Boy Wonder? No. Girl Reject.

Got my period. Hormones in control. No longer wanting to die. I miss you guys. Haven't gotten any messages in weeks. Haven't posted much either. Makes sense. I just miss the internet.

I just saw a garbage bag full of dead kittens in the middle of a semi busy street. I saw one ball of fur, then saw a trash bag in the middle of the street. I slowed down…I ready knew before I looked…. I was (am) crying. It was another kitten …..omg….I was crying so hard that I couldn’t see, so I pulled over on another street and called my manager at work. We’re friends and she loves cats. She told me to call the cops. I was going to anyway. I was just so in shock. So I had to drive by again to see the exact location. …there were ears and legs smashed everywhere by that point!! No one cares!!! No one!!! They just keep on going. I fucking hate people. I called the cops. They probably won’t do shit. This was the worst thing I’ve EVER seen since my dad’s corpse at his funeral. Ugh. Drugs, please.

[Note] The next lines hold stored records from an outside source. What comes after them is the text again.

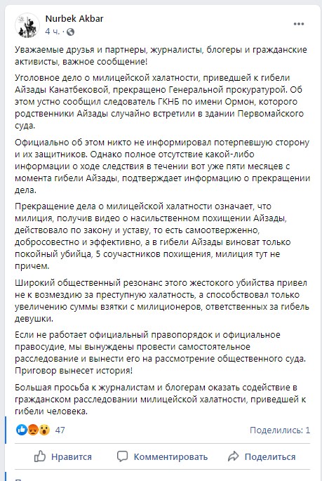«Официально об этом никто не информировал потерпевшую сторону и их защитников. Однако полное отсутствие какой-либо информации о ходе следствия в течение вот уже пяти месяцев с момента гибели Айзады подтверждает информацию о прекращении дела», — написал Нурбек Токтакунов.
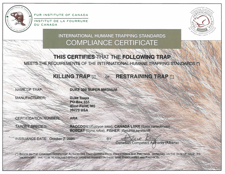 The new Duke 220 Super Mag has all the feature of the 330 just in a smaller 7″ x 7″ size. The 220 Super Magnum body grip trap with the magnum design allows for complete jaw closure. It has Ultra Powerful springs, Stay-Put spring safeties and a 4 way one piece bolt on Trigger System. This trap is great for Raccoon, Groundhog, Bobcat, Fisher and Otters.
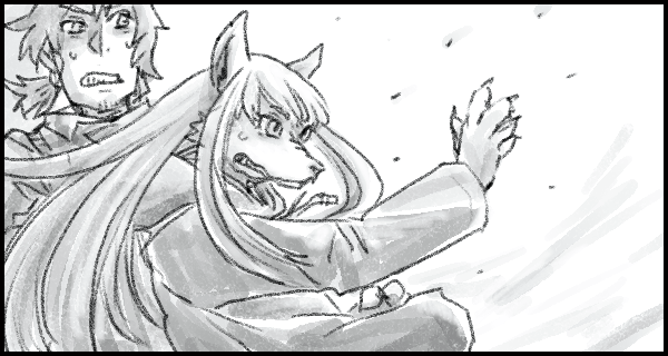 彼はガクガクと膝が笑って、その顔は恐怖と戦慄で真っ青だった。だが、それでも彼は保護者らしく、ウカノの前に出て背で
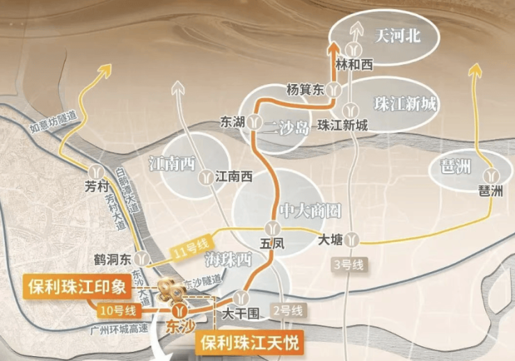 地铁:距离在建的地铁10号线东沙站仅700米,2025年底通车后4站直达中山大学站,6站至杨箕站,无缝换乘1、3、5号线,通勤珠江新城仅需25分钟;1.3公里外的地铁11号线环线已运营,3站到琶洲。
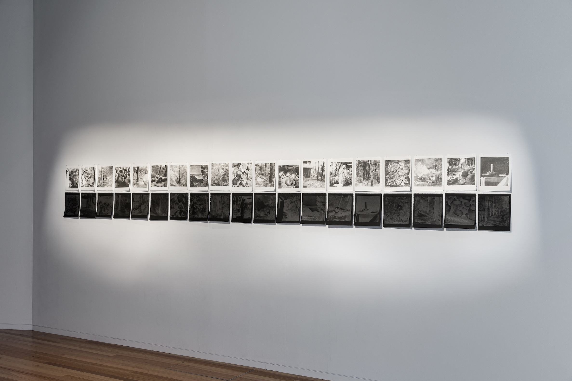 This installation references, in part, the largess of Walling’s vision, the substantial planning and collaborative labour involved in constructing her gardens within a male dominated industry. In 1947/8, Walling built her holiday shack, ‘The Chalet’ at Eastern View along the Great Ocean Road with the assistance of friends, Rosamond Dowling, Joan Niewand (Twid) and Alistair Smith, on a difficult site with a 1:3 fall. Walling’s book, ‘The Happiest Days of My Life’ is the catalyst for my installation. Walling writes with joy witnessing a friend hand-build a small pot from clay, firing and filling it with a local native plant species, Thomasia petalocalyx (Paper Flower). Walling and Twid transplanted the Paper Flower from Moggs Creek and its descendants still thrive at both sites. ‘The Chalet’ was subsequently burnt in the fires of the 1960’s, as were two other residences during Walling’s lifetime. BUILT: for Rosa and Twid with love is a memorial to Walling’s legacy, referencing the twin roles of destruction and regeneration that fire has played in this country.
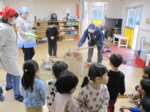 「楽しかった」「ちょっと難しかった」「つかれた」など感想がありましたが、どの子も餅つき体験を喜んでいました。
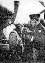 Don Conyers at left. George Bevins was wounded and is being attended to by Dr. Orndorf, right.

No posts or contact since this engagement thing happened. Been busy hating myself and working on the slowest improvement ever. I have redone my hair 3 times in the last 5 days. I just kept shaving and shaving. Recoloring over and over. I may be bald soon. Still upset with how I look. I’m trying so hard to quit drinking. I’m so shallow that it’s probably the only thing that will make me stop.

I got engaged, and everyone is losing their shit on Facebook. Like now they care. What a bunch of bullshit. I bet they think we’re having a wedding. We’re not.

I’m going to keep on ranting. My bf (when he feels like it, fiance)……need I say more? I love being mind fucked…over and over.

Watched too much Face Off. Saw Glenn Hetrick’s shaved head parts too much. Now I have the same shaved thing going on. My hair has been lame lately. Fuck, I’m only 28. Better that I do it now, while I can still pull it off. I miss my dreads…even tho they are in a bag on my floor (I found them while moving and I’m lazy as fuck). So I lost all my length in a drunk endeavor. I also lost my pig plugs (if you call them gauges, I will kill you) in the process. I’m half bald and 100% angry. Happy Sunday to you all.

willfuldaisy-deactivated2014091 said: i really like your face :D

Thank you. I do believe it is mutual.

Getting depressed/angry looking at wedding rings. I’m never gonna find a black gold ring that isn’t 2 fucking grand.